_How to complete this task_. Exercise in exact copying: restate word for word only the lines below from the one containing "Есть два шикарных" through the one containing "nhóm tác giả |", omitting any pictures.

_Source records_.
★ ★ ★ ★

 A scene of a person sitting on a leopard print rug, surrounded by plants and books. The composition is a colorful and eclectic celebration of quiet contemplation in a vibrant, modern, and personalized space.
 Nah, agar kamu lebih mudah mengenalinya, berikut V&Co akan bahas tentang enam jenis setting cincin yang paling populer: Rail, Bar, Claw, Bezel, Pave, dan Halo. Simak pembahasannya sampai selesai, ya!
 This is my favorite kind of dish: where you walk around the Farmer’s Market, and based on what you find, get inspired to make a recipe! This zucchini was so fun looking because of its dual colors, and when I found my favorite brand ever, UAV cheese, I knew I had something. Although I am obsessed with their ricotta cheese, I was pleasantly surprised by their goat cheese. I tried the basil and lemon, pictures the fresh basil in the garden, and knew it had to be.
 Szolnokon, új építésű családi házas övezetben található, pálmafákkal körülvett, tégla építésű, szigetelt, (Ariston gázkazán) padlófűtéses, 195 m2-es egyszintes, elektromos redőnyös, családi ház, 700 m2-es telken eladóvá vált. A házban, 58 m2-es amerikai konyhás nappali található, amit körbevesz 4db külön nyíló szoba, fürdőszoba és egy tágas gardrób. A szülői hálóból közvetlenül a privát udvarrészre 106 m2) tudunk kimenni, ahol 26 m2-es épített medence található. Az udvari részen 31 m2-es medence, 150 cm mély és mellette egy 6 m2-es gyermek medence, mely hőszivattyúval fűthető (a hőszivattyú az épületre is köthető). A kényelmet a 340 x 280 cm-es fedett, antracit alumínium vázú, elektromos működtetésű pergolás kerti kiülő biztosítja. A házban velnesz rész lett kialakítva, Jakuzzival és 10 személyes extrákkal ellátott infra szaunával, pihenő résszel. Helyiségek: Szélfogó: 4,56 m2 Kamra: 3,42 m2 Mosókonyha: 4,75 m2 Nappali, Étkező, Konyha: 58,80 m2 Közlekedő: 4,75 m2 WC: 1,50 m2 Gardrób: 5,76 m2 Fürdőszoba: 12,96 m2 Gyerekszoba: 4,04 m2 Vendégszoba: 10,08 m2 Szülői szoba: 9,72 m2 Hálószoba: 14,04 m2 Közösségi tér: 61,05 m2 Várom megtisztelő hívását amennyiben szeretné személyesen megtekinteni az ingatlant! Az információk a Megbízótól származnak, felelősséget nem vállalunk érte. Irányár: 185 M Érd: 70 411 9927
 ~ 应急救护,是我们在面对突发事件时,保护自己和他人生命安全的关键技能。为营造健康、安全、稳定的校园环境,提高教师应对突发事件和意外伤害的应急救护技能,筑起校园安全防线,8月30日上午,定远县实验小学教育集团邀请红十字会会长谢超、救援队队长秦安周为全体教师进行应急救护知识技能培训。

★ ★ ★ ★

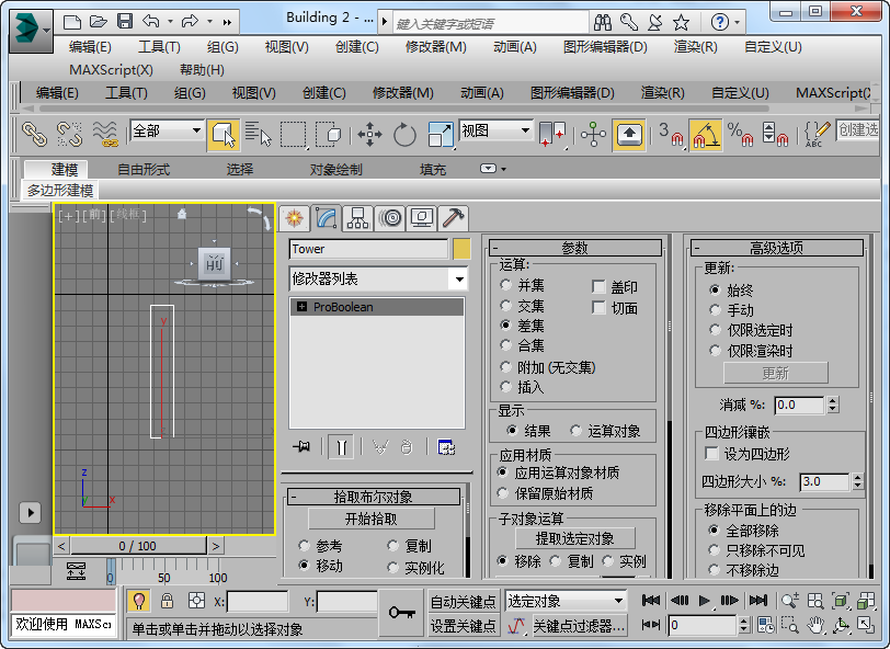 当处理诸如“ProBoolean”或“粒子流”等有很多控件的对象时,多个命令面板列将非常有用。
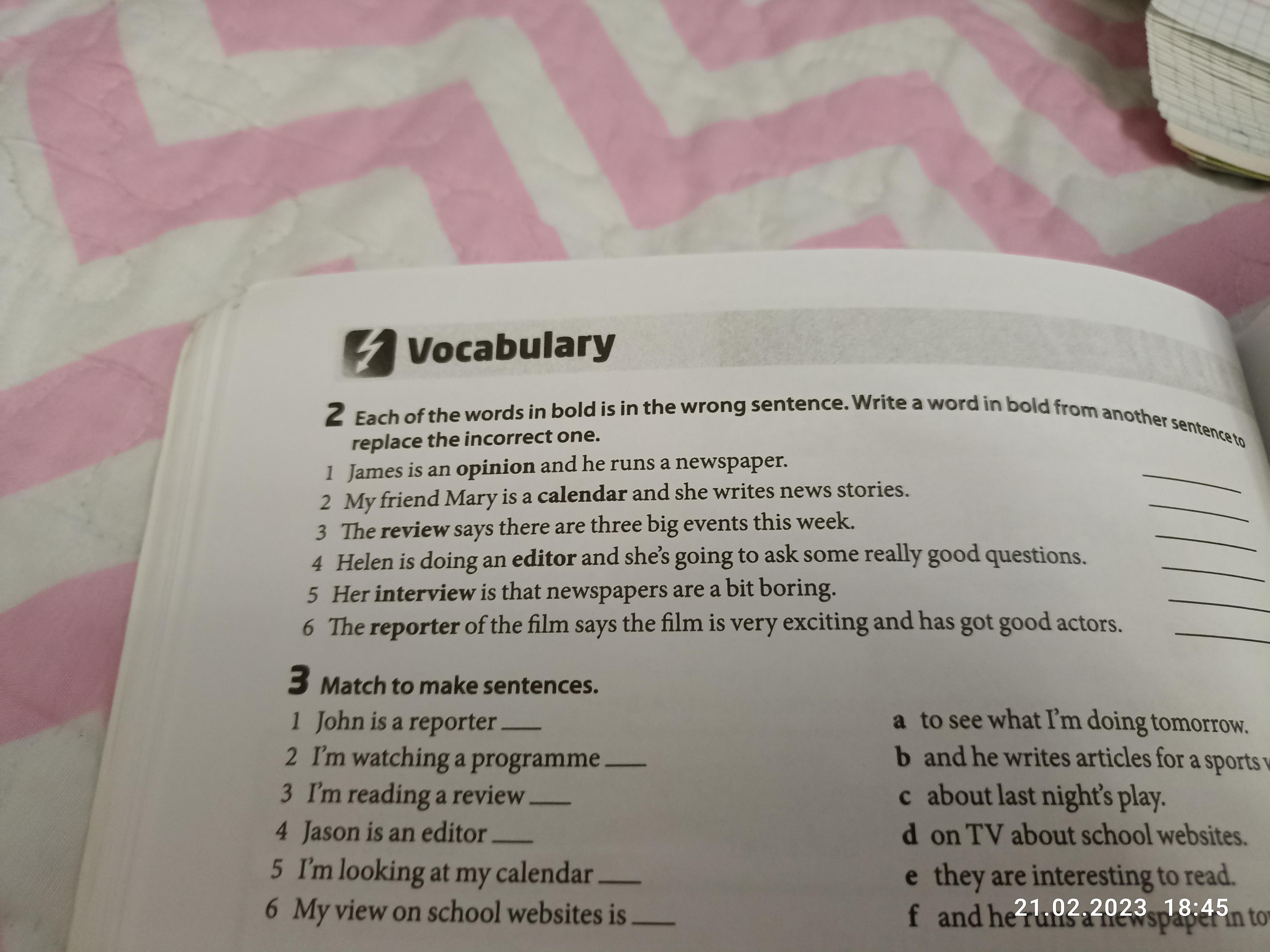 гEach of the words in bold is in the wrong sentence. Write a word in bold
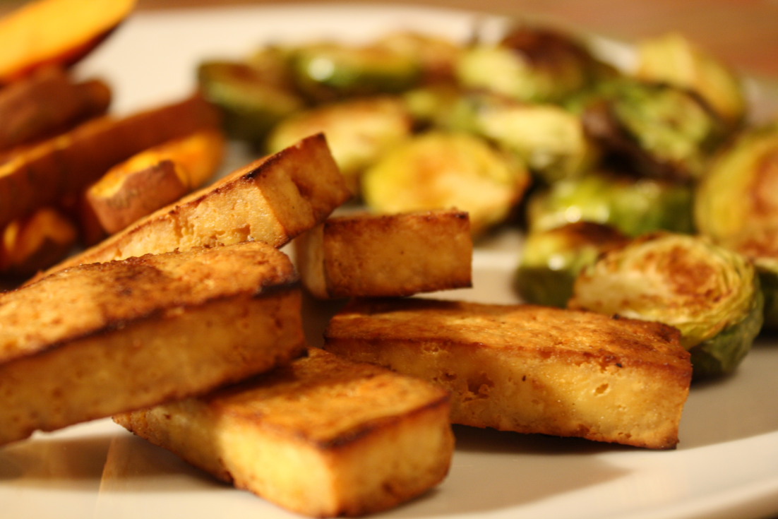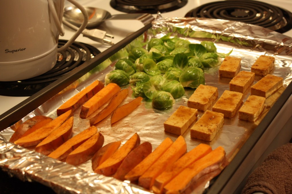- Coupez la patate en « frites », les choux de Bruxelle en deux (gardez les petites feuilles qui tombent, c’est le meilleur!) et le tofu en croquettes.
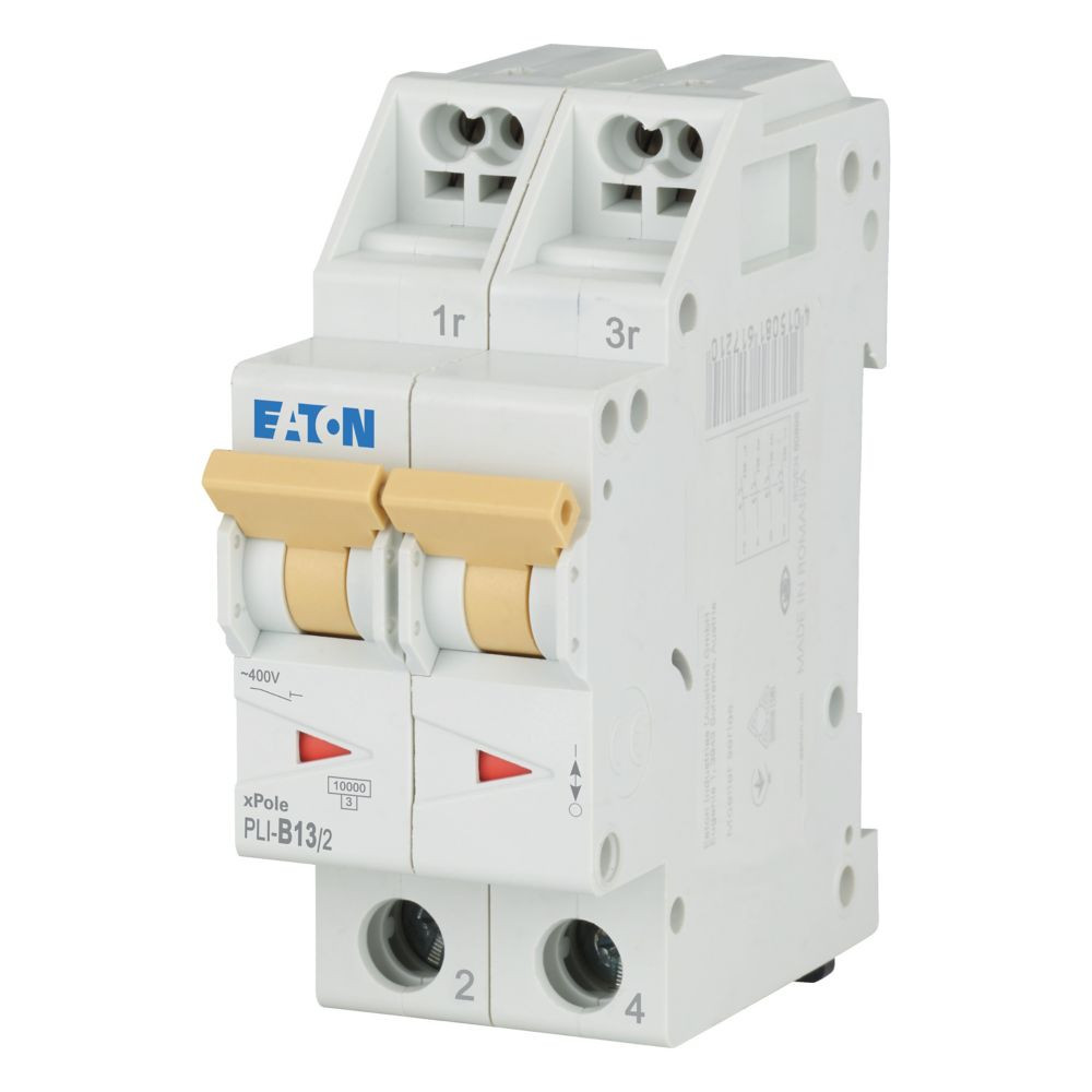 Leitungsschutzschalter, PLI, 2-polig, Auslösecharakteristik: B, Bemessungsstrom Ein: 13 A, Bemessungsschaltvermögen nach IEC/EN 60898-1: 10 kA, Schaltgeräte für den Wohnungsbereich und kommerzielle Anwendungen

★ ★ ★ ★

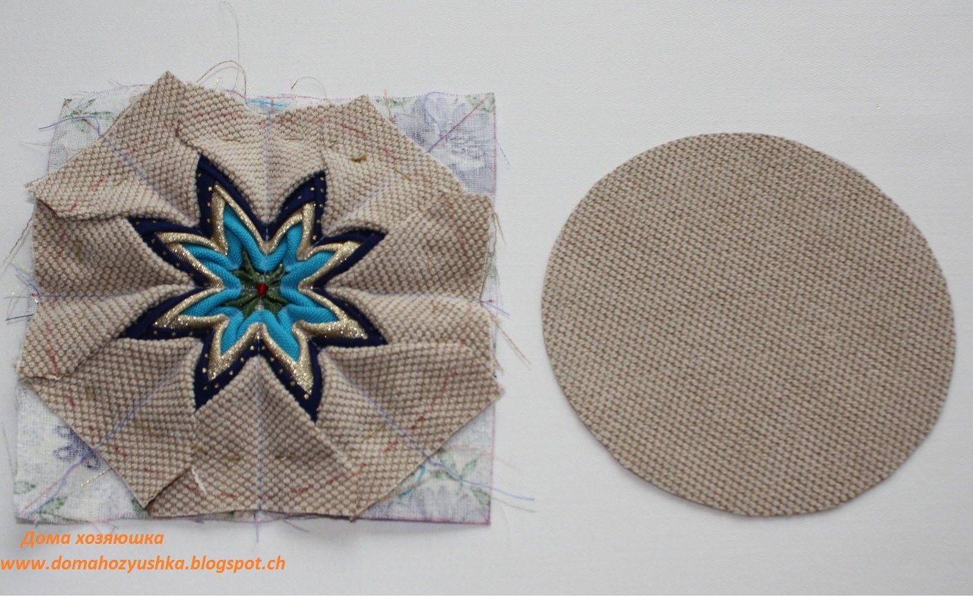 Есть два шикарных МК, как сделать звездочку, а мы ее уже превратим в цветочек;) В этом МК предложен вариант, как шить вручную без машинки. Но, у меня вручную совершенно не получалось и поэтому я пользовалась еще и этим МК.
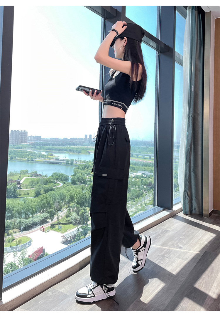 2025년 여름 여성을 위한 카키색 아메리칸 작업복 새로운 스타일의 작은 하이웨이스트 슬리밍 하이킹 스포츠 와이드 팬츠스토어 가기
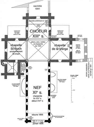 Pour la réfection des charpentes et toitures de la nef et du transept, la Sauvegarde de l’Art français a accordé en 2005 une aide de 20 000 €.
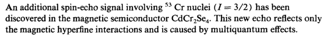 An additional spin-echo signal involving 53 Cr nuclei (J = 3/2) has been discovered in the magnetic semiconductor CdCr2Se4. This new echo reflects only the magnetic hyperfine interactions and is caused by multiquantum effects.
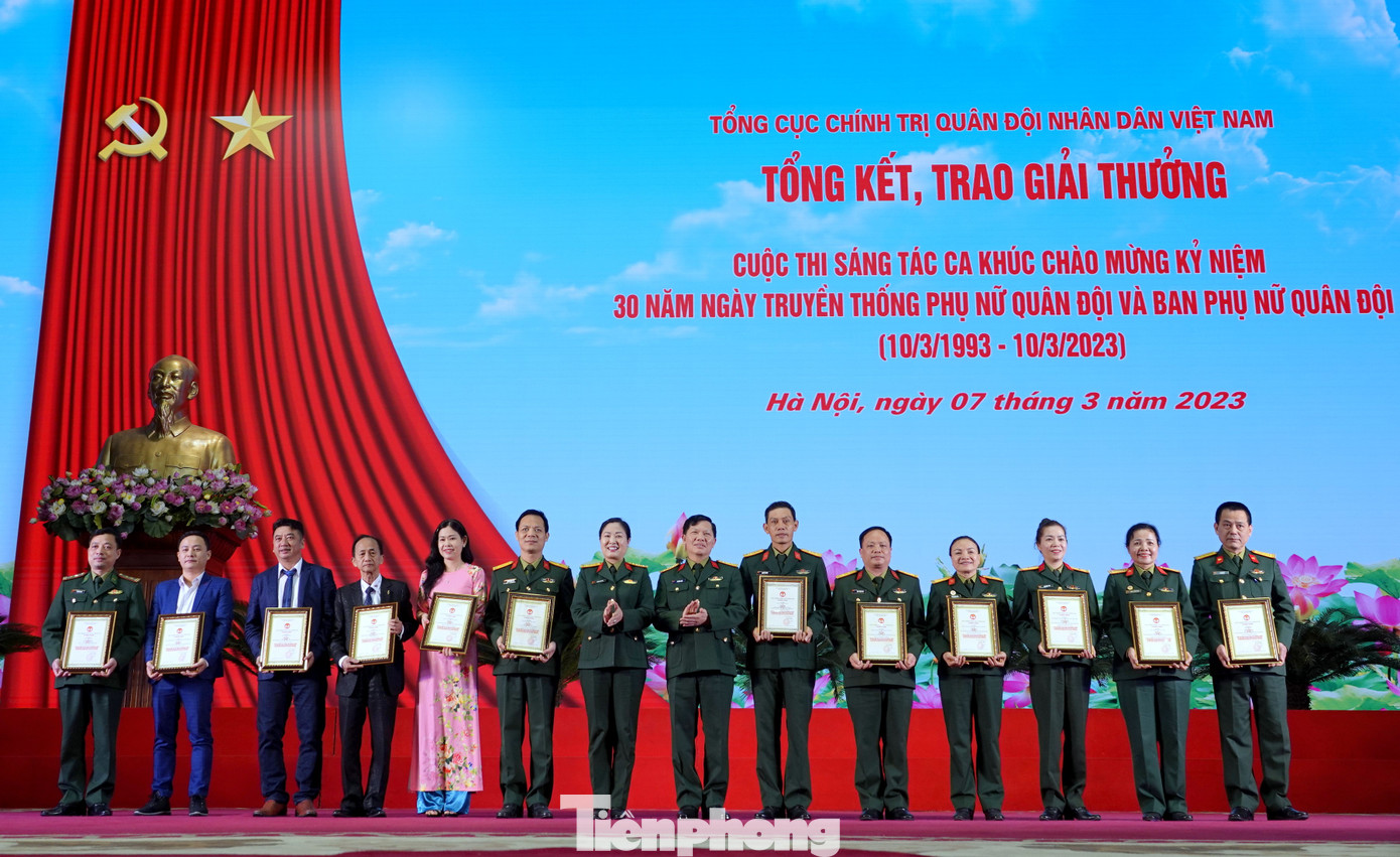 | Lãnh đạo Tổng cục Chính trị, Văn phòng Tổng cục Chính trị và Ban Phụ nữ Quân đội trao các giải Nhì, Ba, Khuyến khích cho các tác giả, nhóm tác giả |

★ ★ ★ ★

_Completed task_.
 Есть два шикарных МК, как сделать звездочку, а мы ее уже превратим в цветочек;) В этом МК предложен вариант, как шить вручную без машинки. Но, у меня вручную совершенно не получалось и поэтому я пользовалась еще и этим МК.
 2025년 여름 여성을 위한 카키색 아메리칸 작업복 새로운 스타일의 작은 하이웨이스트 슬리밍 하이킹 스포츠 와이드 팬츠스토어 가기
 Pour la réfection des charpentes et toitures de la nef et du transept, la Sauvegarde de l’Art français a accordé en 2005 une aide de 20 000 €.
 An additional spin-echo signal involving 53 Cr nuclei (J = 3/2) has been discovered in the magnetic semiconductor CdCr2Se4. This new echo reflects only the magnetic hyperfine interactions and is caused by multiquantum effects.
 | Lãnh đạo Tổng cục Chính trị, Văn phòng Tổng cục Chính trị và Ban Phụ nữ Quân đội trao các giải Nhì, Ba, Khuyến khích cho các tác giả, nhóm tác giả |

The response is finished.